Arkadaşlarının tavla maçını izlerken bulduğum Çiçek, kıyafetim nedeniyle, "Siz kaymaya çalışıyorsunuz, biz ise kaymamaya" diye espri yaptı.
Uzun yıllardır tanıdığım için Çiçek’in, "O konuyu bilmem" demesinin anlamını çözdüğümden; "Tavladan anlamam, çok da oynamam" dediğinde iddiasını hissedip kendisini tavla düellosuna(!) davet ettim.
Çiçek’e bir kitap borçlandım; ama Melih Gökçek’e verdiği desteğin "kaymamak" için sağlam zemin olup olmadığını sorguladığım için kárda sayılırım.
BAŞARILI OLAN KALIR
Çiçek’le yaptığım uzun görüşmeye Gökçek tartışmasıyla başladım.
Malum, aynı siyasi grup içinden geldiği için Gökçek’e en büyük desteği kendisinin verdiği; en yakın iki arkadaşı AKP Genel Başkan Yardımcıları Abdülkadir Aksu ile Necati Çetinkaya’nın tansiyonlarını fırlatmayı da göze alarak, Çiçek hatırına Gökçek için seferber oldukları konuşulup duruyor.
Ben, "Gökçek" deyince, Çiçek hemen, "Adaylığı doğru ve isabetli; çünkü siyaset başarıya dayanır. Melih Bey başarısı ispat edilmiş bir aday.Başarılı olmasa Ankaralı üç dönem seçer miydi?" diye sorup devam etti:
"Batı demokrasilerinde ölçü budur. İşte; Almanya’da Kohl, İngiltere’de Thatcher ve Blair. Başarı herkese göre farklı değerlendirilebilir; ama vatandaş tercihi ortada. Niyebaştan aday yapılmadı deniyor. AK Parti’de daha baştan yüzde 100 belli olan aday yok. Bunun prosedürü var. Yoklamalar, anketler yapılmadan doğru olmazdı. Biz kişiler değil, parti açısından bakarız."
Gökçek’e desteğin gerekçesini böyle açıklayan, Başbakan Tayyip Erdoğan’ın seçiminde de "başarı ve halkla ilişki" kriterlerinin belirleyici olduğunu anlatan Çiçek, "Geçmiş hukukumun bunda rolü yok" deyip kanıt da gösterdi:
"Partideki toplantıda da söyledim, herkes duydu.Babamın düşmanı da olsa, seçimi kim kazanacaksa onun adaylığı doğru.Parti, kişiden önde.
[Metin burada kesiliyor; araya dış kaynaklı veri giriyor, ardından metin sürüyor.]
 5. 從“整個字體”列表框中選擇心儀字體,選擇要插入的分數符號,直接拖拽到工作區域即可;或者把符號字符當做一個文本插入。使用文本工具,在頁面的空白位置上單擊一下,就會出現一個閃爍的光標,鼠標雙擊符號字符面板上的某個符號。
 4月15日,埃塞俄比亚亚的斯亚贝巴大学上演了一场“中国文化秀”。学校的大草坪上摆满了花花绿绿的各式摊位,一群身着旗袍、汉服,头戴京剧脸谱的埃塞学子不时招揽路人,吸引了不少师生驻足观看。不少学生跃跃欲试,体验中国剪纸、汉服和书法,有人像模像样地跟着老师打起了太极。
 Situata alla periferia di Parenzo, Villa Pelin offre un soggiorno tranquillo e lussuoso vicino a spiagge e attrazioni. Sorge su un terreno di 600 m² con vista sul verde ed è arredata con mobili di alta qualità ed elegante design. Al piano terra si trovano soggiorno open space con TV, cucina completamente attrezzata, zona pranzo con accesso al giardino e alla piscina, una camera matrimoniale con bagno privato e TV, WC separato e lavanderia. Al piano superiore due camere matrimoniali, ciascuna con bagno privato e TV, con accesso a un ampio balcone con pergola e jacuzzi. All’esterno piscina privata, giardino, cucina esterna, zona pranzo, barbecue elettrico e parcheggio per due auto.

Ankara’da seçimi parti için riske sokmak yanlıştır.Hissi tercih olmaz."
GÖKÇEK’İN ŞANSI
Seçimi kesinlikle alacaklarına inanan Çiçek’in, Gökçek’in son dönem olumsuz bir performans sergilediği görüşüne katılmadığını da belirteyim.
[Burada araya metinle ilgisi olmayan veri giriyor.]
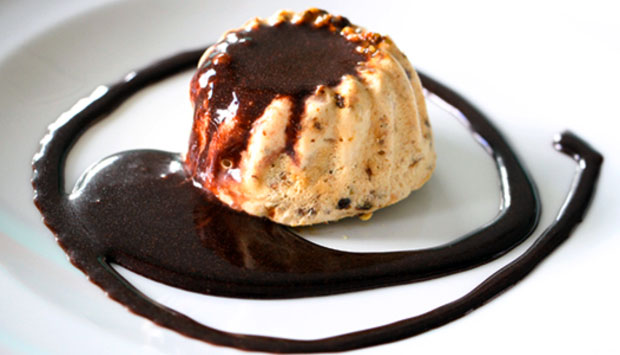- Foderate il fondo degli stampini con la granella rimasta, riempiteli con l’impasto e metteteli in freezer per tre ore. Una volta freddo capovolgete lo stampino sul piatto e decorate con una salsa di cioccolato fondente ottenuta facendo sciolgliere a bagnomaria una tavoletta.

Çiçek’e göre, "Bu medyanın yıpratma uğraşısı.Medyanın etkisi de belli; geçmişte yıpratmaya çalıştıklarının şimdi nerede olduğu da ortada."
Çiçek penceresinden Gökçek’le ilgili manzara bu, şimdi bir de Ankara’da yeni konuşulmaya başlanan bir komplo teorisinden söz edeyim.
Bu teoriye göre, yedi gencimizin ölümü karşısında dahi sessiz kalan, o büyük taziye duyarlılığını, olay mekánını belediye araç ve görevlileriyle doldurmayı bu kez unutan Gökçek, yattığı derin uykudan şu planla kalkacak:
"Neye mal olursa olsun, neyi gerektirirse gerektirsin, DSP’nin bir aday çıkarması sağlanacak.CHP’nin Eskişehir’de aday çıkarması bu işi kolaylaştıracak.Bu sağlanamazsa solda bağımsız bir aday bulunacak."
Kim inanır kim inanmaz bilemem; ama şu uyarı da sola:
Karayalçın dışında ikinci isim Gökçek destekli görülecek, bilinecek.